§ **RECORDED DATA**
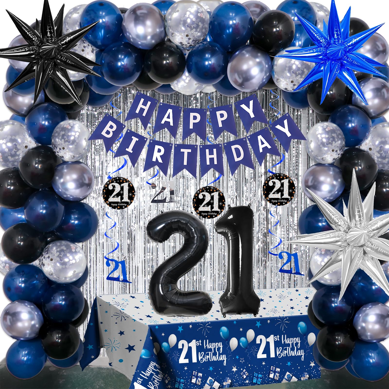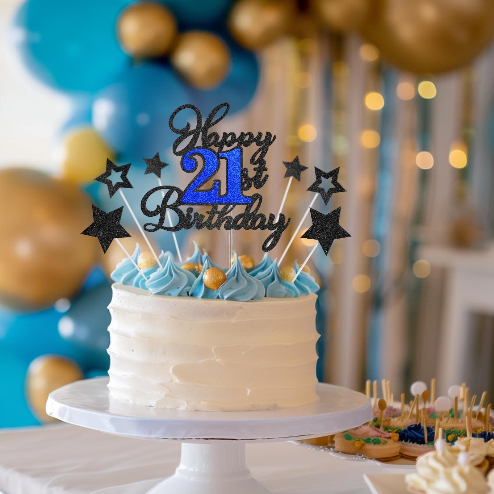 Happy 21st Birthday Cake Topper for Happy 21st Birthday Theme Party Cake Decorations Supplies. Ideal for happy 21 birthday theme party, 21st anniversary theme party cake decorations supplies. Attention: This cake topper features glitter on one side and is white on the other. It's meant for decoration only, so please do not place it in the oven or microwave. Specifications: Material: - Glitter card stock + Plastic stick - Adhesive dots Package Includes: - 1 pc Happy 21st Birthday cake topper - 1 pc Food-Grade clear plastic stick - 6 pcs Black glitter stars - 6 pcs White plastic sticks - 10 pcs Adhesive dots
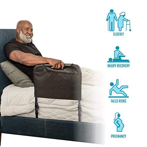 Prevent Falls: The ergonomic padded hand rail of the Bedside Safety Handle will aid you or your loved ones when transferring in and out of bed and supports up to 300 pounds; the height of the handle can be adjusted from 13 to 20 inches tall
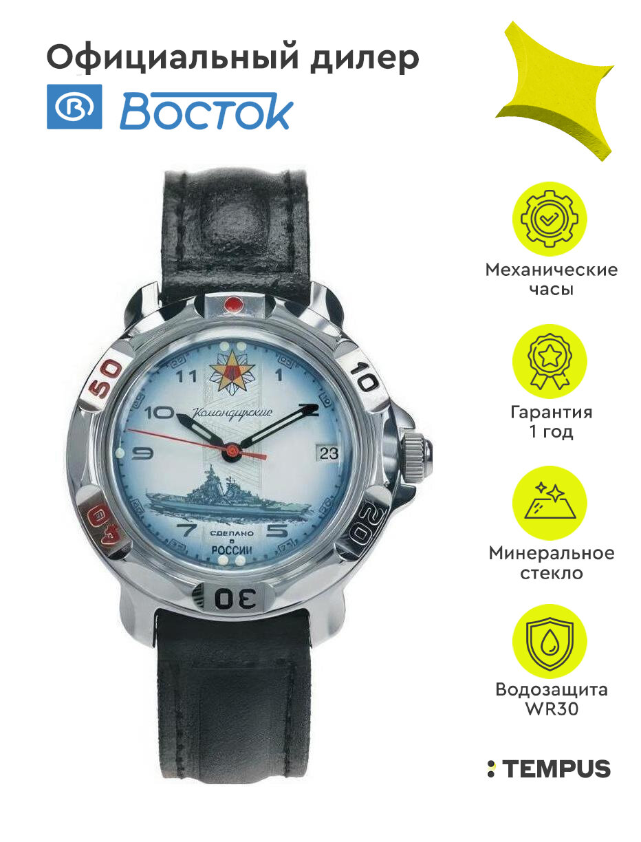 Мужские наручные часы Восток Командирские 811428-classic, натуральная кожа, черный
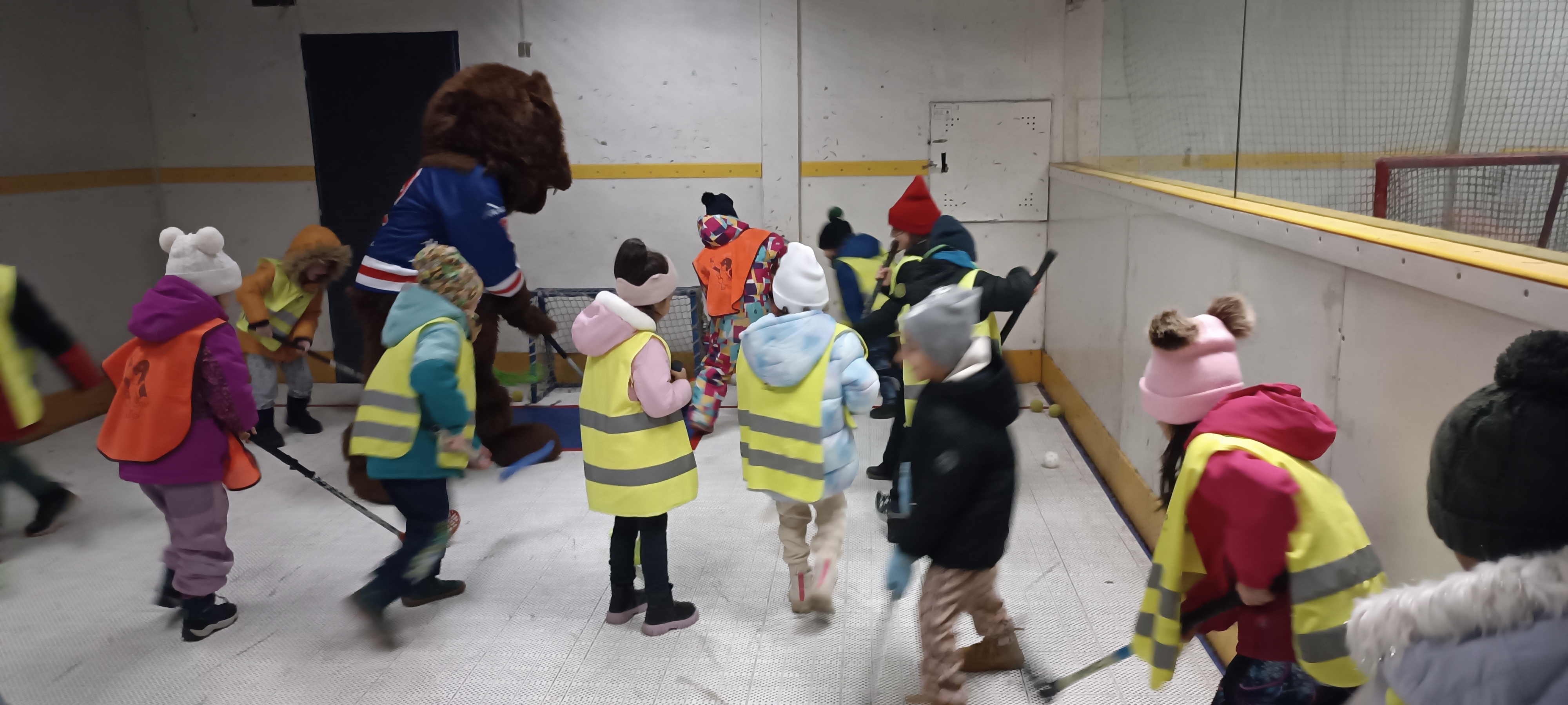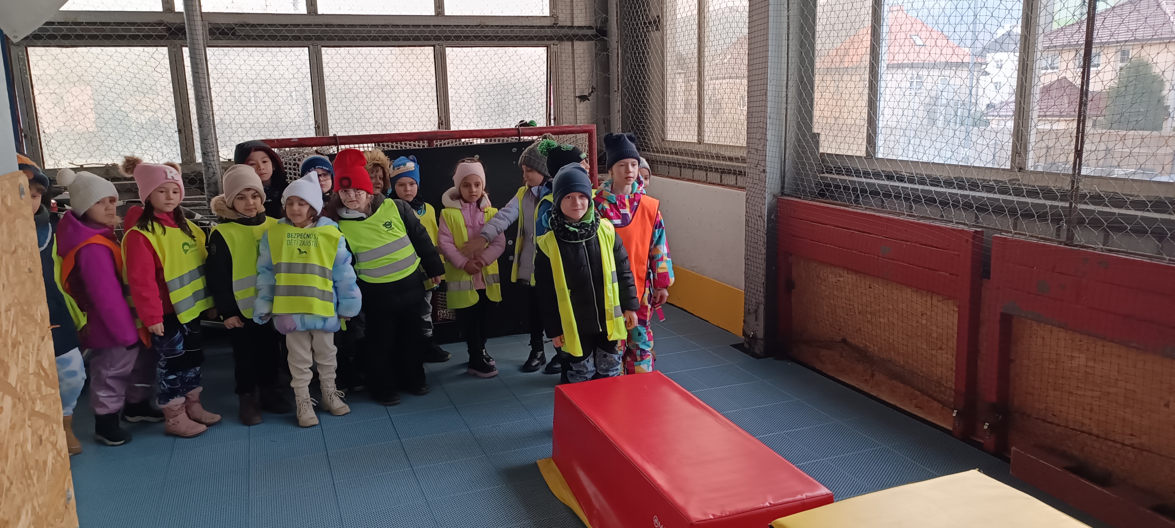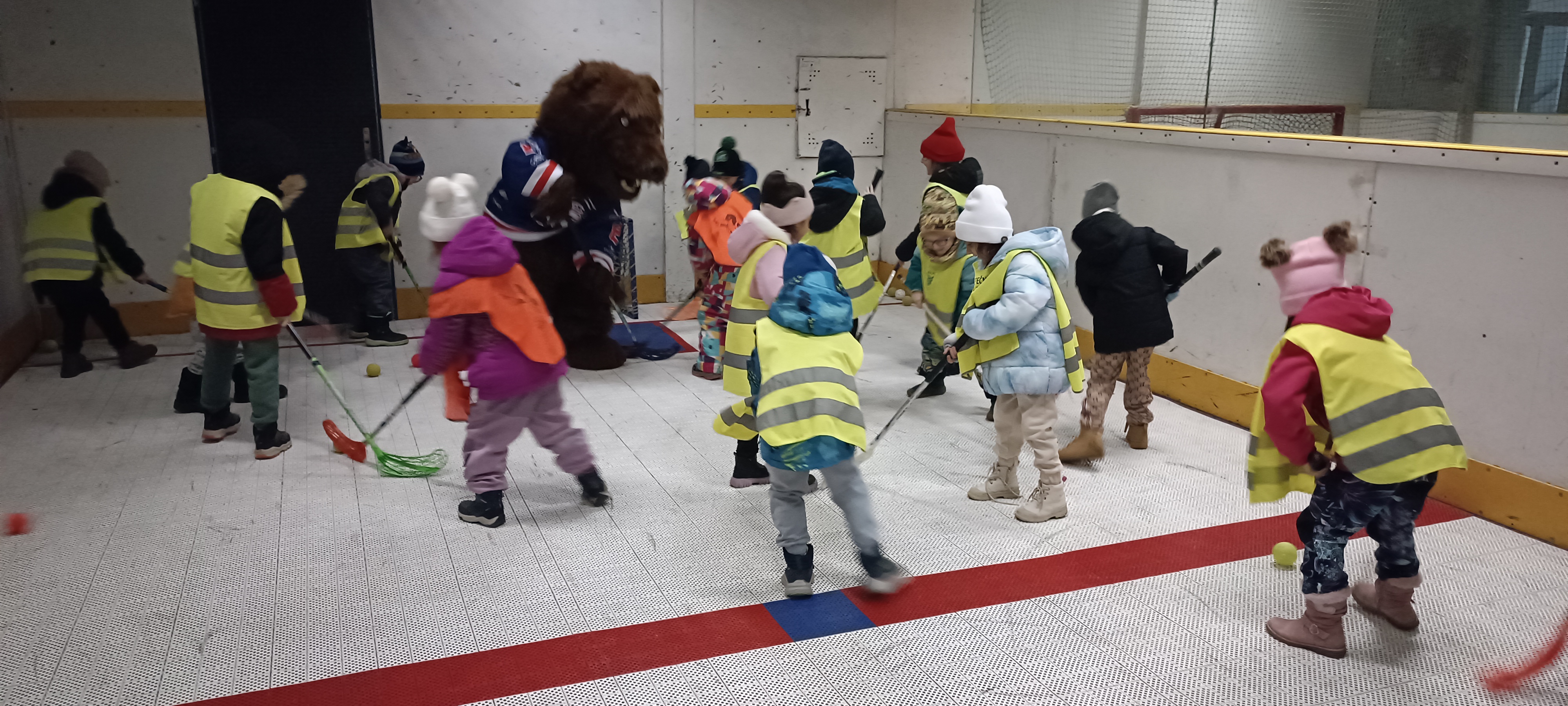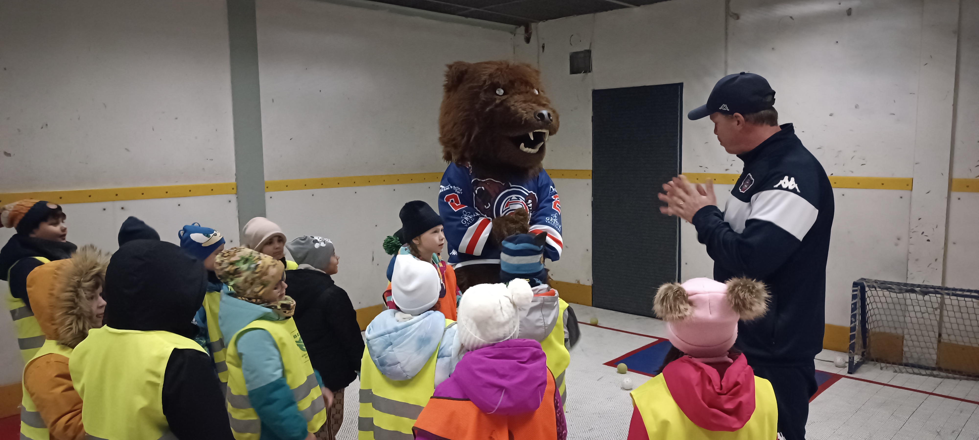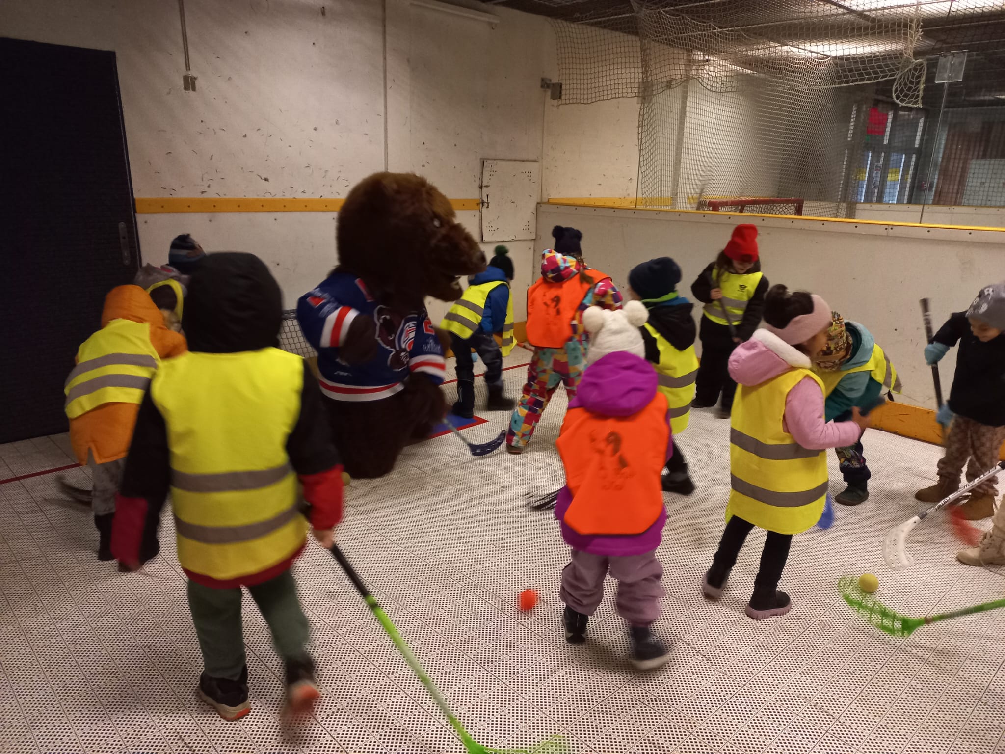 pozorovali jsme hokejisty při tréninku. Zacvičili jsme si v posilovně a nakonec jsme si zahráli hokej s medvědem - maskotem našich hokejistů.

§ **WHAT YOU SHOULD DO**
Retype the lines starting with the one that holds "Мужские наручные часы" and ending with the last line of the data above, both included; skip the pictures.

§ **EXERCISE RESULT**
 Мужские наручные часы Восток Командирские 811428-classic, натуральная кожа, черный
 pozorovali jsme hokejisty při tréninku. Zacvičili jsme si v posilovně a nakonec jsme si zahráli hokej s medvědem - maskotem našich hokejistů.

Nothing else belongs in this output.